Britain's food chain threatened by loss of one in five insect species
Wednesday 09 August 2000
A serious decline in the number of British insect species in the past few decades, with up to 20 per cent being lost in some parts of the country, has been uncovered by scientists.
A serious decline in the number of British insect species in the past few decades, with up to 20 per cent being lost in some parts of the country, has been uncovered by scientists.
Entomologists at Oxford University surveyed the records of insects in central England over the past 100 years to compare species seen today with those documented at the beginning of the last century.
They found that in Warwickshire, which has one of the most comprehensive set of records on insect sightings, many species of beetle, dragonfly, bee and butterfly have not been seen for many years.
Darren Mann, an entomologist at the University Museum in Oxford, said that Warwickshire was a good county to study because it was where the ranges of many northern and southern insect populations overlap.
"In Warwickshire we actually have about half the British fauna," Dr Mann told Radio 4's Today programme, which commissioned the survey.

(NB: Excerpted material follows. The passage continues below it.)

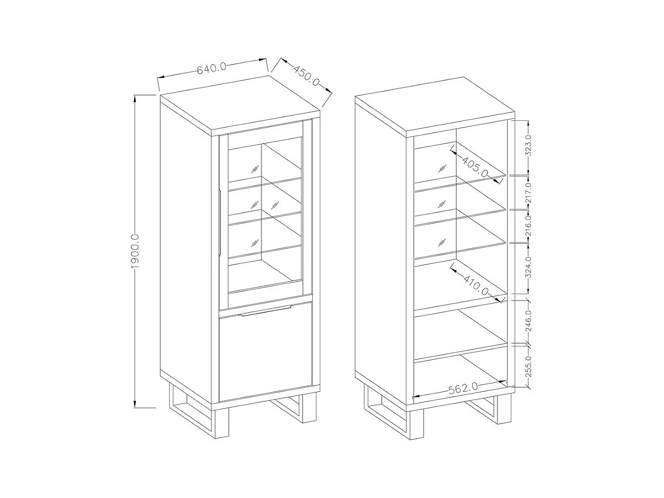 Vitrina alta design com 1 porta coleção SANTIAGO. Cores em carvalho e preto com efeito madeira.
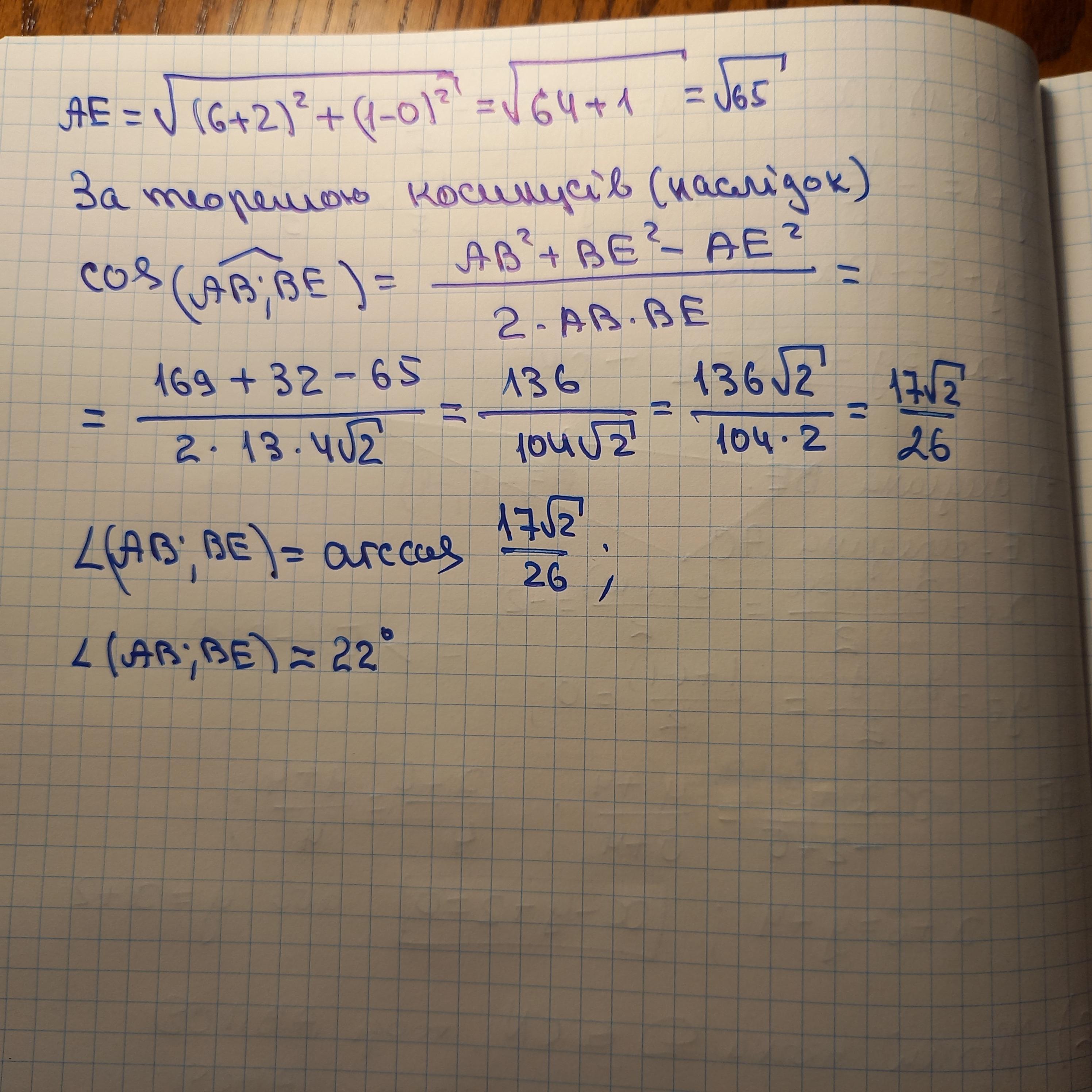 Знайти кут між прямими AB і BE.

Between 1904, when the county history was published detailing insect sightings, and 1960, about 15 per cent of insects had disappeared. The loss has since accelerated, with 20 per cent being lost. "So that means one in five British insects has not been seen since 1960," Dr Mann said.

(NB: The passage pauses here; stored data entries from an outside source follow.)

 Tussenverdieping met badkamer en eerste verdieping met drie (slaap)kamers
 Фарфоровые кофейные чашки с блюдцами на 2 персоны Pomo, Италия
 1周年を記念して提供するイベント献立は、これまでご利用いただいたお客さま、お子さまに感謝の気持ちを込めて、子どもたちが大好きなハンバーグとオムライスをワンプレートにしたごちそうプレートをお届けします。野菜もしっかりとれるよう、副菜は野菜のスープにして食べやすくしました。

One of the most famous examples is the disappearance of the large blue and the large copper butterflies, both common in Victorian times. Ground beetles, crickets and dragonflies have also suffered, especially those living in threatened habitats, such as wetlands and ancient woodlands.
George McGavin, the assistant curator at the museum, said the insect decline was a cause of concern because they formed the basic links in a complicated food chain ending in higher animals including humans. Dr McGavin said: "The problem is that insects are small so the majority of individuals tend to overlook them. In terms of how ecosystems function, insects are vital.
"Energy from the Sun makes plants grow, insects eat plants, other insects eat them and eventually you reach larger animals. Basically ecosystems and food chains rely on small things at the grass roots. If you take them away, everything collapses."
Of the 267 species of bee living in Britain, about a quarter are threatened with at least one species of bumble bee having disappeared altogether, said Chris O'Toole, a bee specialist at Oxford. Dr O'Toole said: "Every third mouthful of our food is directly dependent on the unmanaged pollination services of our bees.
"Without bees whole ecosystems will collapse and we are seeing that now."
There are 22,000 insect species recorded in Britain, which has one of the best described insect populations in the world, with records going back 250 years. Insects have come and gone many times over the 12,000 years since the glaciers retreated from the British Isles but the recorded decline over the past 100 years appears to be part of a more serious trend.
Peter Hammond, a research entomologist at the Natural History Museum in London, said: "There has been a selective decline and we should be worried about it."
The main reason for the recent loss of insects seems to be the drastic changes in land use, from the draining of the Fens and the Somerset levels to the digging up of hedgerows and replanting of deciduous woodlands. Dr Hammond said: "If you chop down an oak forest and replace it with spruce conifers the balance of the equation is almost certainly a loss of species."
Chemical insecticides had also contributed to the decline, although less so than the loss of natural habitats, he said.